Melting in South Florida’s humidity, a young congressional campaign manager let his nerves show. Sitting across from a pair of visitors on a café patio, he widened his eyes when they asked if there were any tool he wished he had to help protect his campaign from cyber attacks. “I have no idea! I don’t even know what that would be, to be honest.” Weeks away from Election Day, the operative’s fear is increasingly common — practically unavoidable in 2018, in fact. Midterm campaigns are entering the fall more anxious than ever about looming threats of email phishing, text hacking, and countless other ominous possibilities that could derail their hopes with the touch of a Muscovite button. And it’s becoming increasingly clear to many that they may just not be ready for what’s coming — or what’s already occurred.
The campaign manager leaned forward when asked to consider whether he would even know if his staff had been successfully phished. No idea, he admitted. He’d spoken with a security consultant about best practices months earlier, and made his employees communicate with an encrypted app. But he had little time to think about cybersecurity, and no one from his national party had yet given him much advice. “There’s no [plan],” he said. “You know, the plan is, ‘Don’t say stupid shit over emails.’” The pair across from him nodded. They were visitors from Jigsaw — a relatively obscure tech incubator working on digital vulnerabilities, owned by Google’s parent company Alphabet. They’d come to Florida to try to help.

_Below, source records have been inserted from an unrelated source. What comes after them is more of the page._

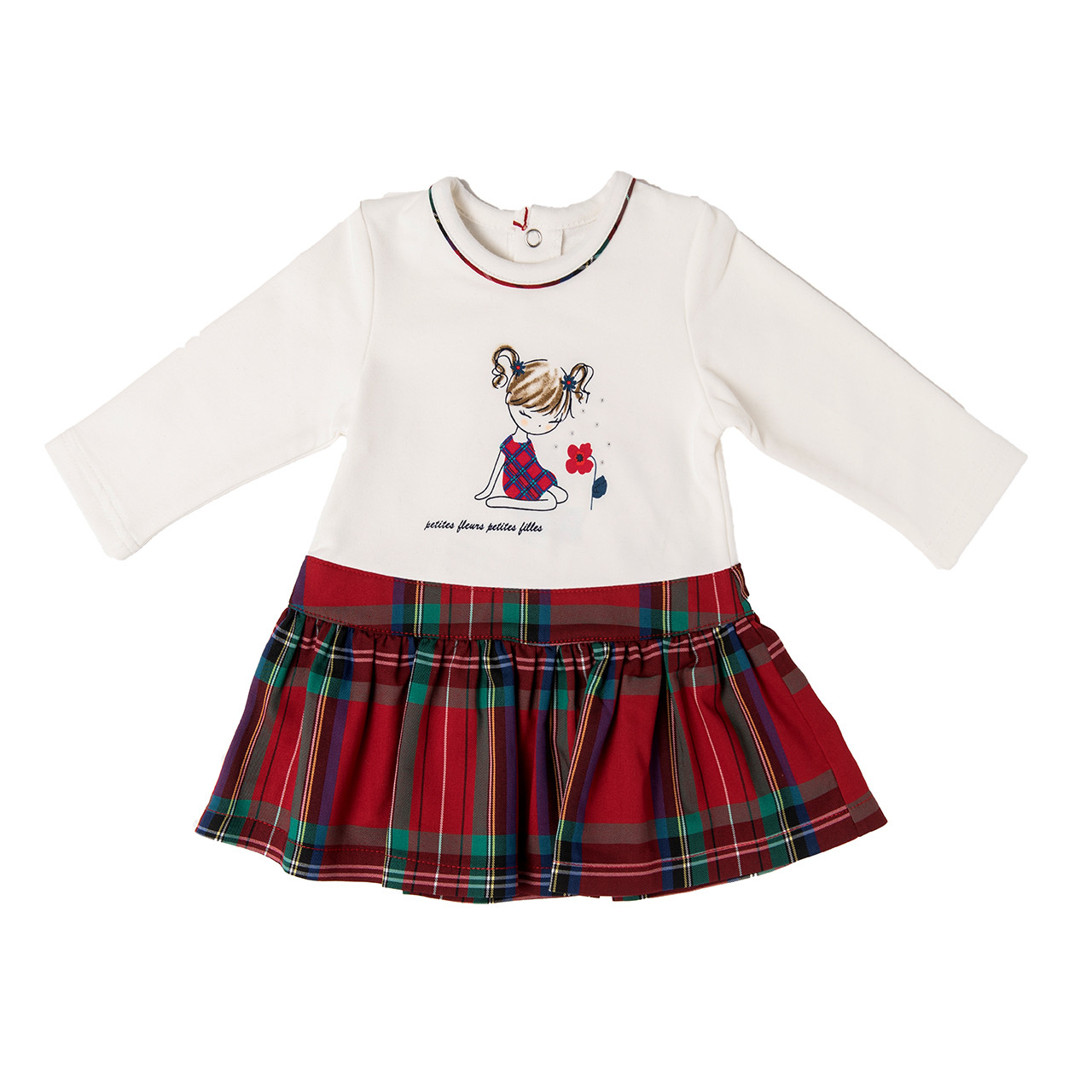 Rochie Babybol cu maneca lunga cu fusta ecosez rosie, imprimeu fetita pe piept , partea superioara este jersey moale , inchiderea se face cu capse pe spate.Un cadou ideal de Craciun.Made Spania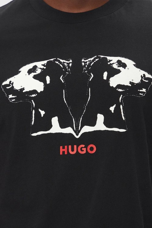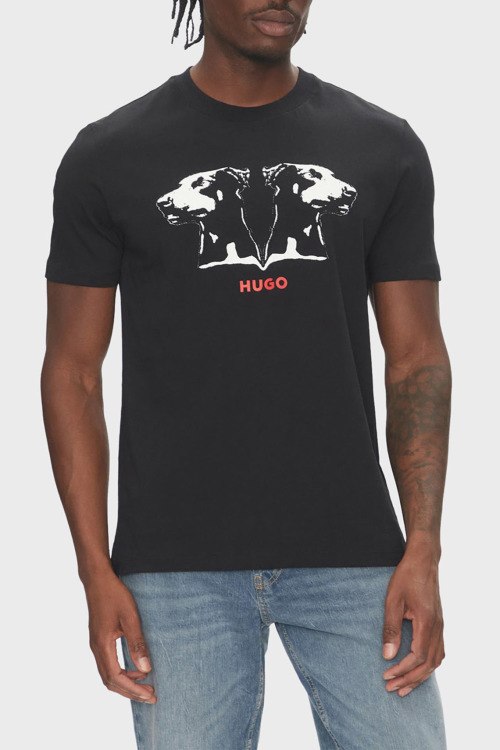 Детали: Мужская черная хлопковая футболка Dobero от Hugo by Hugo Boss (Хуго бай Хуго Босс). Принт на груди, круглый вырез горловины, короткий рукав, классическая длина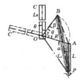 如下图所示,起始位置时摆臂OA与弹簧原长PA的夹角为a;转动时,由于摆臂与栏杆同固定在输出轴上始终成7夹角,所以摆臂从伽转到OB时,栏杆由OC转到DC’位置,摆臂转角和栏杆转角均为0, 0的取值范围是0—900。摆臂OA=OB=R、弹簧原长PA=L、弹簧伸长后长船=L。,弹簧K、栏杆OC=L0为定值。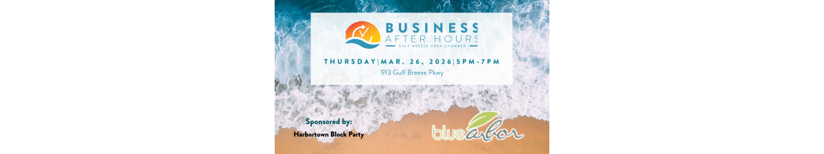 Come enjoy this free networking event for Gulf Breeze Area Chamber members, your spouse/date or any first-time prospective members. Light appetizers and beverages will be provided. Bring your business cards and door prizes.
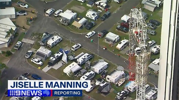 골드코스트 브로드워터 관광공원에 설치된 30톤 크레인이 크리스마스 폭풍으로 크게 손상되며 붕괴 위험이 커졌고, 이로 인해 39개 캠핑 구역의 여행객들이 긴급 대피한 뒤 지금까지도 돌아오지 못하고 있다.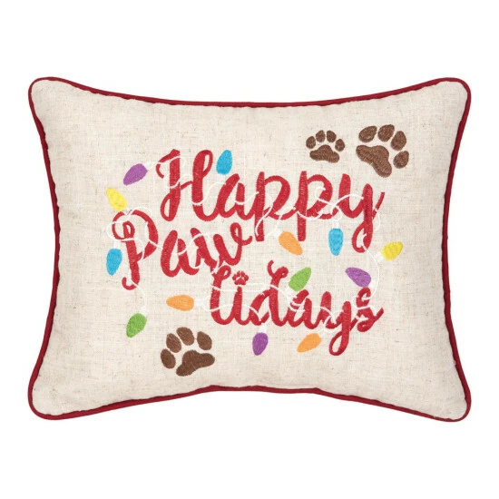 Make the holidays happy with this Pawlidays accent pillow. Embroidered with the message Happy Pawlidays in a festive red with Christmas lights and paw prints, this pillow sure to draw any pet lovers attention to your decor this holiday season. It may even become your furry friend’s favorite pillow. Crafted with a soft polyester/linen blend cover and finished with a red piped edge, this pillow is filled with plush polyester filling and sewn closed. Size: 12 x 15 inches. Spot cleaning recommended. Care instructions: Spot Clean. Material: Cover:80% Polyester/ 20% Linen. Product dimensions: 12″ x 15″. Items included: 1.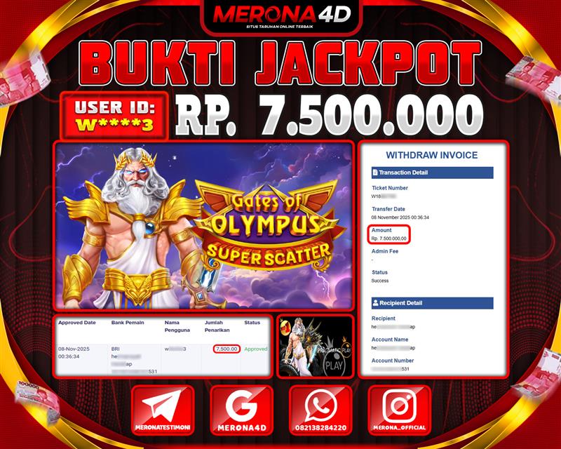 Selamat Kepada Member MERONA4D K****7 Telah Jackpot Di GATES OF OLYMPUS SUPER SCATTER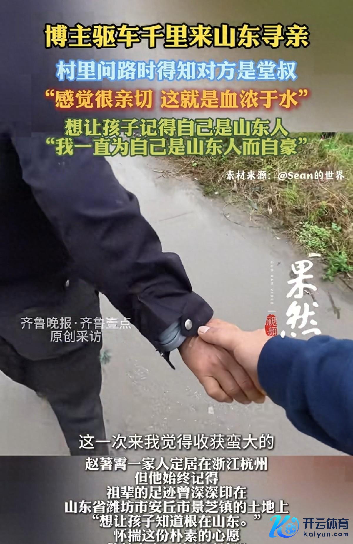 蓝本此次寻亲的履历,应该算是充满正能量的一次旅程,眩惑了上百万的柔软,以致一些官方媒体都 reportage了现金九游体育app平台,但没猜想声誉却倏得变差了。这对萧山的配偶,被品评礼节不周,为了博取柔软,言辞变得毫无挂牵。 一双领有百万粉丝的网红配偶,想着维护“寻亲”这事儿,从浙江萧山驾车赶到山东潍坊,便是为了找到家东说念主。 据博主说,他一直以我方是山东东说念主为荣,也想让孩子记取我方是山东东说念主,于是趁着上高中的孩子休假,有意来山东“寻根”。 这位博主的爷爷早年因为战役之类的原因,从山
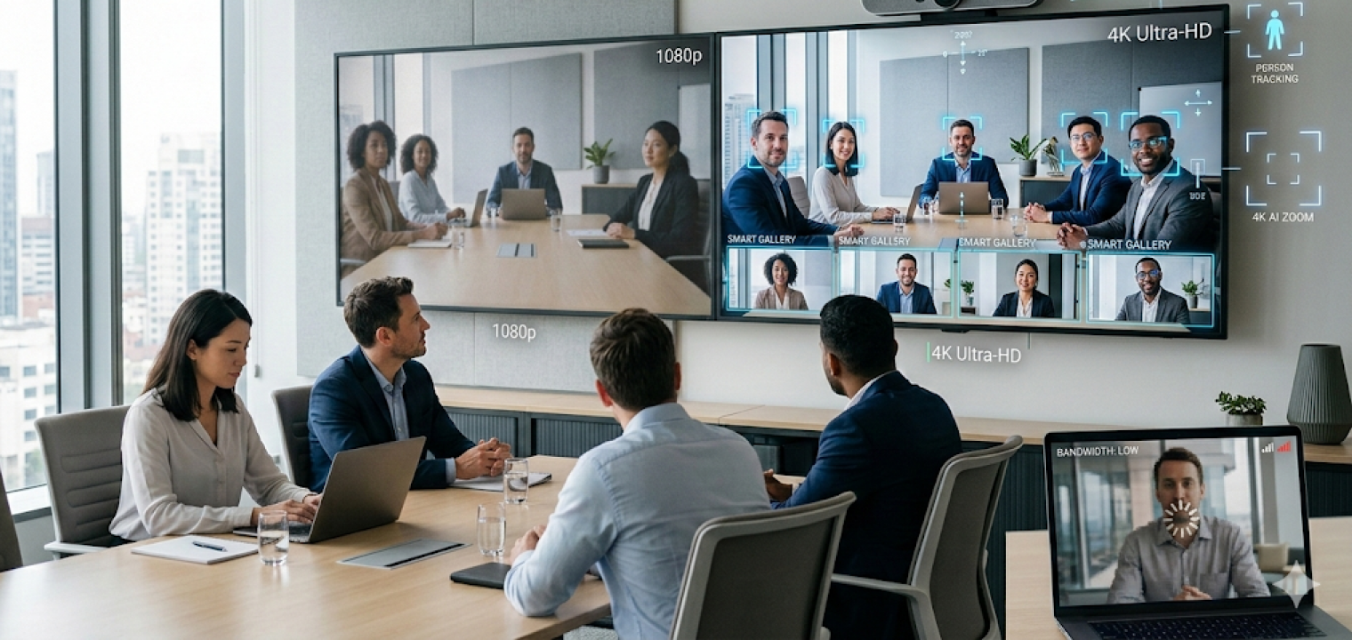 At minimum, look for 1080p video, and treat 4K as the preference for rooms where faces, small gestures, or written content matter. Resolution isn’t only about image sharpness; it’s about cognitive effort. When remote participants have to squint to interpret the room, they contribute less, and they fatigue faster.
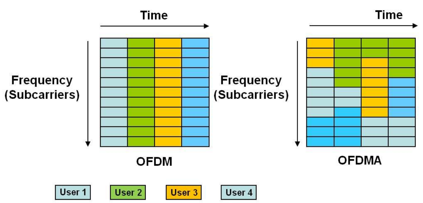 특정 시간 동안 모든 주파수를 사용자 한 명이 사용하던 OFDM과 달리 OFDMA는 같은 시간 동안 주파수 조각을 여러 사용자가 나누어서 사용함 -> 자원의 낭비를 방지하고 지연 시간을 단축함.

Their offer was embraced in South Florida, where 2016 still stings: that summer, a promising Democratic House candidate’s campaign tanked after internal party research on her leaked as part of the broader Russian operation. Yet the fears of politicos in Miami and beyond are only intensifying with recent reports about Russian break-in attempts ahead of 2018’s voting. Just as Missouri Senator Claire McCaskill ramped up for her tough midterm reelection campaign, her Senate computer system faced a phishing attempt from the Russian intelligence agency behind the 2016 attacks. New Hampshire Senator Jeanne Shaheen said her staff also faced phishing attempts, and that a person impersonating a Latvian official tried calling her office to arrange a conversation about Russian sanctions and Ukraine. This summer a Microsoft exec said the corporation had already detected three Russian email hack attempts on 2018 candidates, and the DNC warned candidates not to use Chinese-made ZTE or Huawei phones.